Membership Shopping Site

The sites below, Shop It To Me and Gilt, are both discount shopping sites that require membership. They are virtually identical until you look at their design, or form. Both function similarly in that members are sent an email (seen below) to show that day’s specials and incite you to buy now. Both feed their members products based on their profile and choices. The difference is in the form. Gilt has a much more high-end look and feel and, for the most part, shows a single sample of the product being used, essentially a lifestyle shot. Shop It To Me went with body-less clothes on a plain background. Their logo, the illustration of the lazy man on the couch, the quantity over quality aspect of product shots all cheapen their brand and make it a far less enticing place to shop from.

How does this impact success? While there are likely multiple factors that impact site visits, and I have no information on their sales, Gilt has more than twice the unique visitor traffic per month of Shop It To Me, despite the poor economy and the fact that Gilt seems to be appealing to a more elite audience and Shop It To Me is appealing to the more spend-thrifty audience:

Both sites have similar products, similar functionality, the obvious difference is their form.

This is not atypical of web platforms: the better the design, the more successful the company. It’s been argued that the better designed sites are because of their success not the reverse. The easy response to this is: If a company is already successful without taking the extra time and budget for a design upgrade, why spend the money? How often have you visited an ugly site and preferred a more elegantly designed competitor? This is because quality of design not only makes the site look more professional and trustworthy, it actually functions better because of that design.
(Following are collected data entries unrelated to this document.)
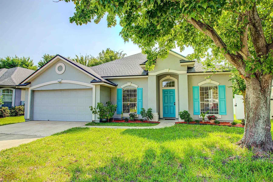 Located in the desirable Hidden Lakes community of St. Augustine, this 4-bedroom, 2-bath home offers one of the best values at this square footagethoughtfully designed with a split floor plan for added privacy and function. Set on a 60-foot-wide lot in Flood Zone X (no flood insurance required), the home backs to tranquil water views and features a covered lanai and fully fenced backyard, perfect for relaxing or entertaining. Inside, the open-concept living area is warm and inviting, featuring rich wood-look tile flooring, an abundance of natural light, and a fireplace for cozy evenings. The kitchen is a standoutcrafted for those who love to cook or entertainwith high-end granite countertops, a new Samsung refrigerator, smooth-top stove, ample cabinetry, and generous counter space for prep and serving.
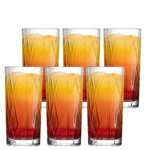 Indicada para: Sucos, Coquetéis ou Água. Material: Cristal. Conteúdo da Embalagem: 6 Copos. Capacidade: 390ml. Diâmetro: 7,4cm. Altura: 14,6cm.
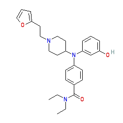 | SMILES | CCN(CC)C(=O)c1ccc(N(c2cccc(O)c2)C2CCN(CCc3ccco3)CC2)cc1 |
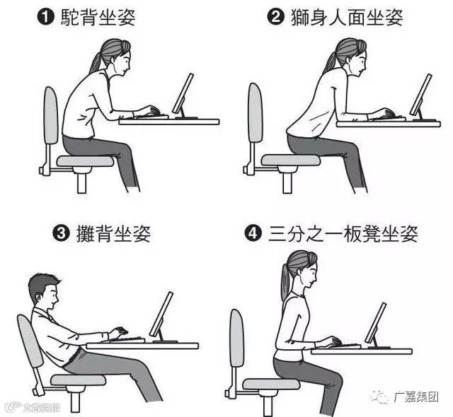 如果你不得不久坐,那就尽量以正确的坐姿坐。首先要保证坐直了,不要前倾;肘部弯成90度;脚平放在地上;肩膀放松;手臂紧贴身侧;后背部要有支撑,尽量靠在椅背上。
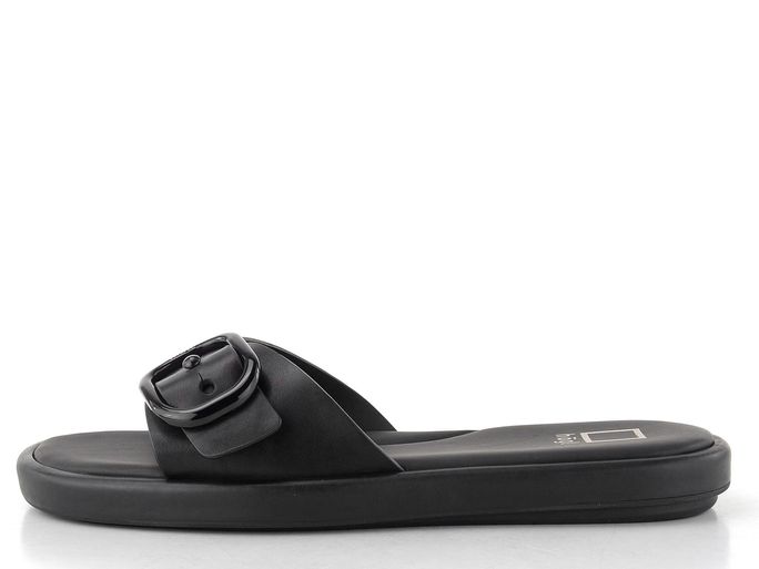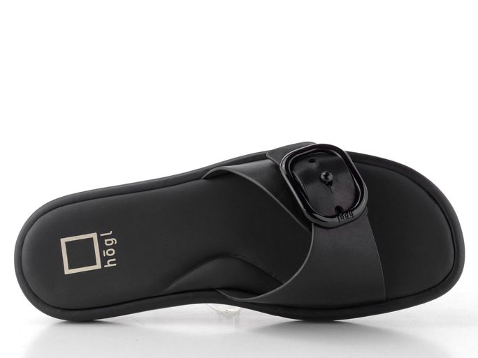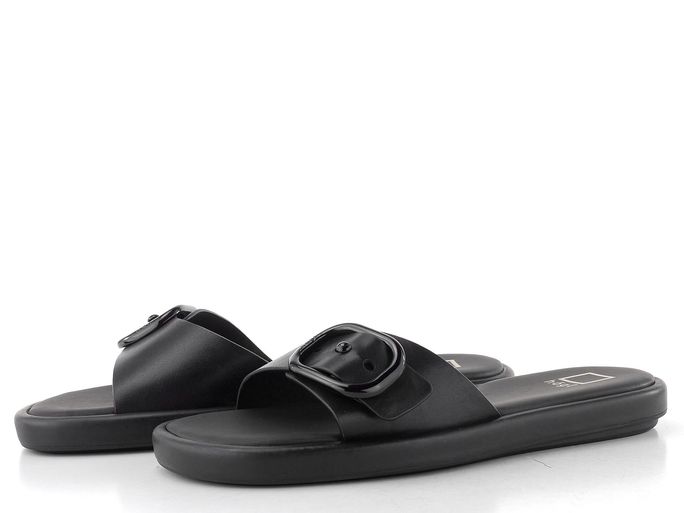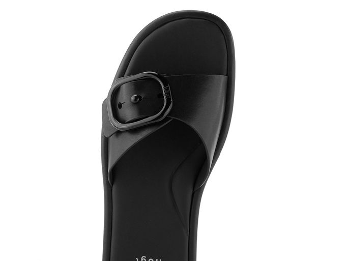 Dámské módní, celokožené pantofle v černém provedení s nastavitelným páskem.
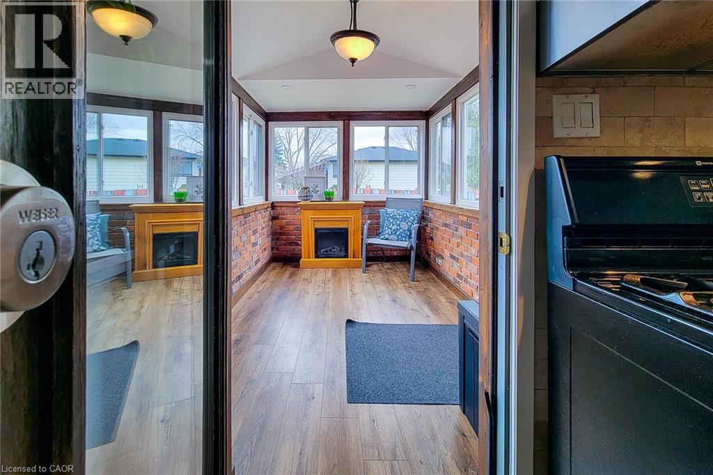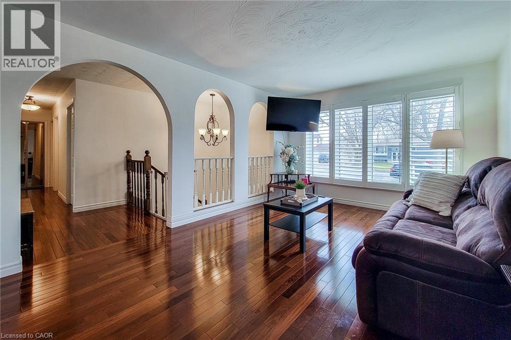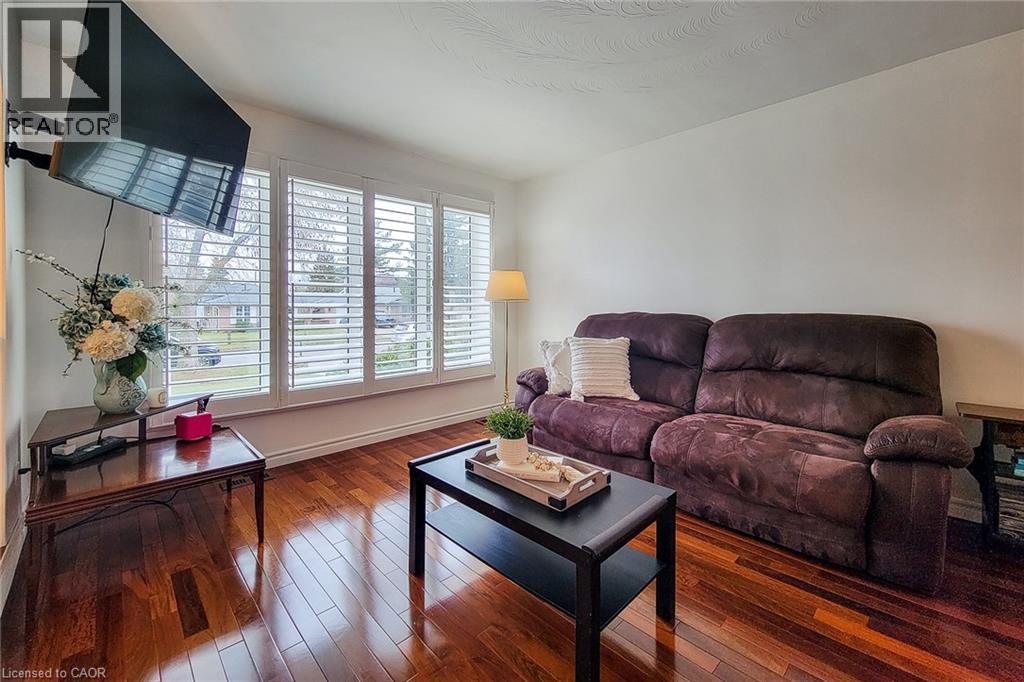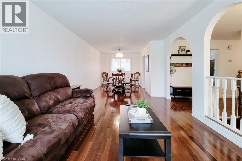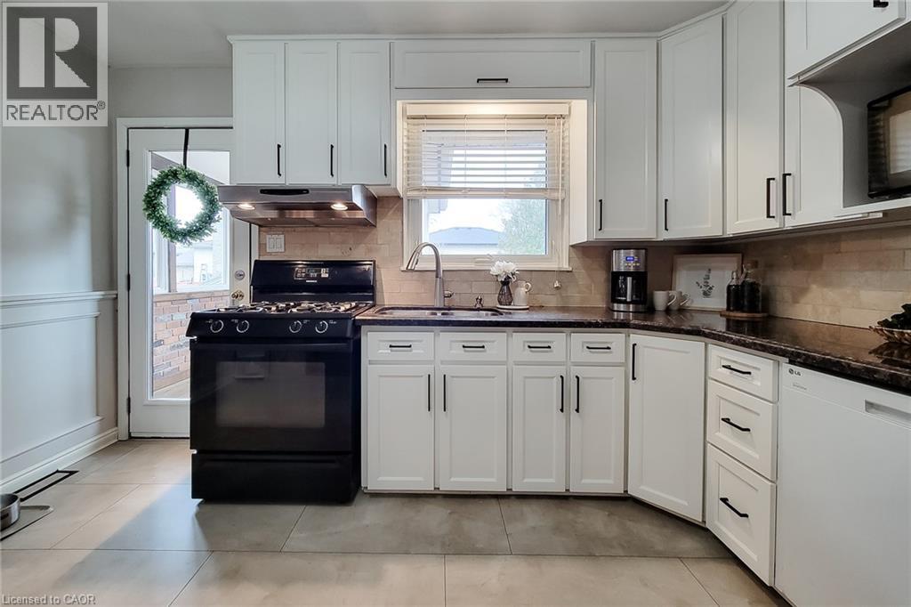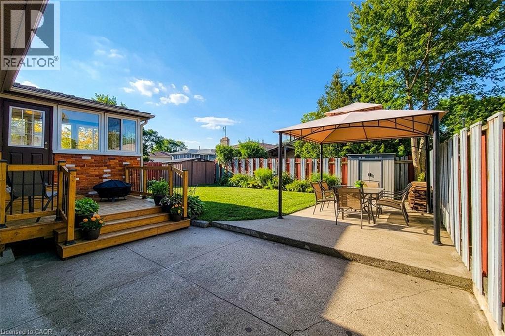 Welcome to this beautifully maintained raised ranch bungalow nestled in a quiet, family-friendly court in desirable Stoney Creek—where kids play, neighbours connect, and lasting memories are made. Offering just over 1,150 sq ft of bright, functional living space, this home features gleaming hardwood floors, California shutters, and a spacious open-concept living and dining area filled with natural light from large windows. The updated kitchen includes a brand new dishwasher and flows seamlessly into a sunroom addition, creating the perfect space to relax and enjoy views of the backyard. The main level offers three generously sized bedrooms and beautifully updated bathrooms finished in a modern white palette with stylish black accents. The raised ranch design provides a bright, fully finished lower level featuring a cozy family room with a wood-burning fireplace, an additional bedroom or office space, laundry, and ample storage. The lower level bedroom offers flexibility and can be converted back to a garage if desired. Step outside to your fully fenced backyard retreat, complete with a gazebo, updated deck, and two storage sheds—perfect for entertaining or relaxing. This home also boasts excellent curb appeal with a durable metal roof, new eavestroughs, and a furnace updated in 2025 for added peace of mind. Located within walking distance to schools, parks, and public transit, and just minutes from highway access, this home offers the perfect blend of comfort, convenience, and community. (id:4555)

A design agency I recently worked for focused 90% of it’s business on analyzing how design impacts conversion. Things as minor as the color of the CTA (call to action) had a significant impact on the number of conversions. More obvious aspects such as email, banner ad and landing pages that reflected each other’s messaging and design had a huge impact on conversions. The testing process would begin with a few different wireframes with similar design elements. The champion wireframe would then be retested with different design elements, over and over to find the most successful outcome. If the function of the site was to convert visitors to customers, the form was the differentiator.

While I completely agree that a site that functions better is more successful, the fact that functionality is so plug and play makes functionality a level playing field. The great differentiator is the form.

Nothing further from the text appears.